官公庁の仕事は、そのすべてが「公共の利益」、つまり社会全体や地域住民のために行われます。

自分の仕事が、特定の誰かや一企業の利益のためではなく、不特定多数の人々の生活を支え、より良い社会づくりに直接つながっているという実感は、公務員ならではの大きなやりがいです。

民間企業でも社会貢献を掲げる企業は多いですが、官公庁の仕事は、その貢献のスケールが国や地域全体に及ぶという点で異なります。

例えば、災害が発生した際の復旧支援、子どもたちが安全に学べる学校環境の整備、安心して暮らせるための治安維持など、社会に不可欠な役割を担っているという誇りが、日々の業務のモチベーションにつながります。

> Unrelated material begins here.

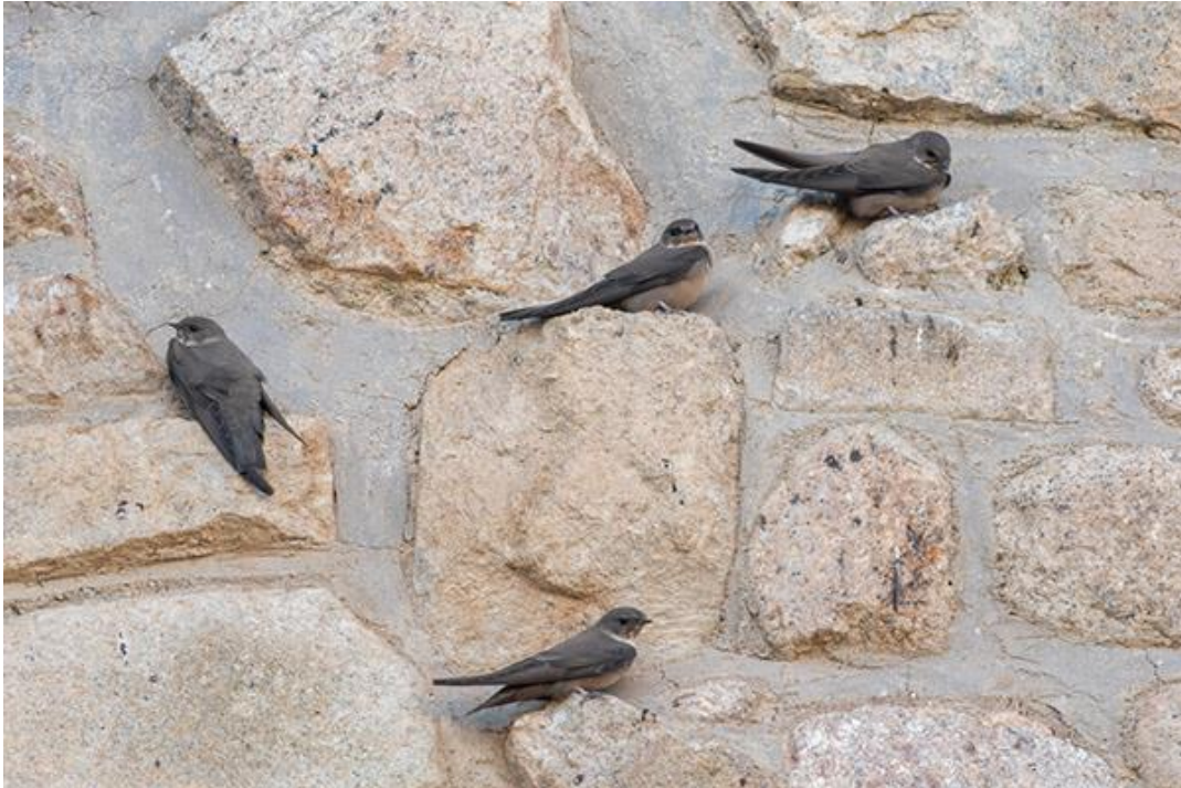
Eurasian Crag Martin (Becke Sigaty)

We completed the day with a brief visit to the historic main square of Trujillo, where there were flocks of Crag Martins perched on the stone facades of the houses, along with two Red-rumped Swallows .

営利を目的としないからこそ、純粋に「人の役に立ちたい」「社会を良くしたい」という想いを実現しやすい環境だと言えるでしょう。

民間企業(特にインフラ・金融)との違い

官公庁、特に「社会基盤を支える」という点では、電力・ガス・鉄道といったインフラ企業や、経済の血液とも言われる金融機関(特にメガバンクや政府系金融機関)がよく比較対象に挙がります。

これらの民間企業も公共性は高いですが、決定的な違いは「利益追求」が組織の目的であるか否かです。

インフラ企業や金融機関も、安定したサービス提供という社会的使命を負いつつ、株主のために利益を最大化する必要があります。

一方、官公庁は利益を目的とせず、採算が取れない分野であっても、公共の必要性があればサービスを提供します。

また、官公庁は法律に基づいた「権力」の行使(許認可、徴税、取り締まりなど)を伴う場合がありますが、民間企業にはそれがありません。

より直接的かつ広範な「公共性」を追求したいか、民間企業のスピード感やサービス競争の中で社会貢献したいかが、選択の分かれ目になるでしょう。

ワークライフバランスと福利厚生の実態

公務員は「定時で帰れる」「休みが取りやすい」といったイメージを持つ人も多いかもしれません。

確かに、カレンダー通りの休日(土日祝休み)が基本で、年次有給休暇に加えて、夏季休暇や病気休暇、育児・介護休暇などの各種休暇制度が法律で手厚く定められており、取得しやすい環境が整っています。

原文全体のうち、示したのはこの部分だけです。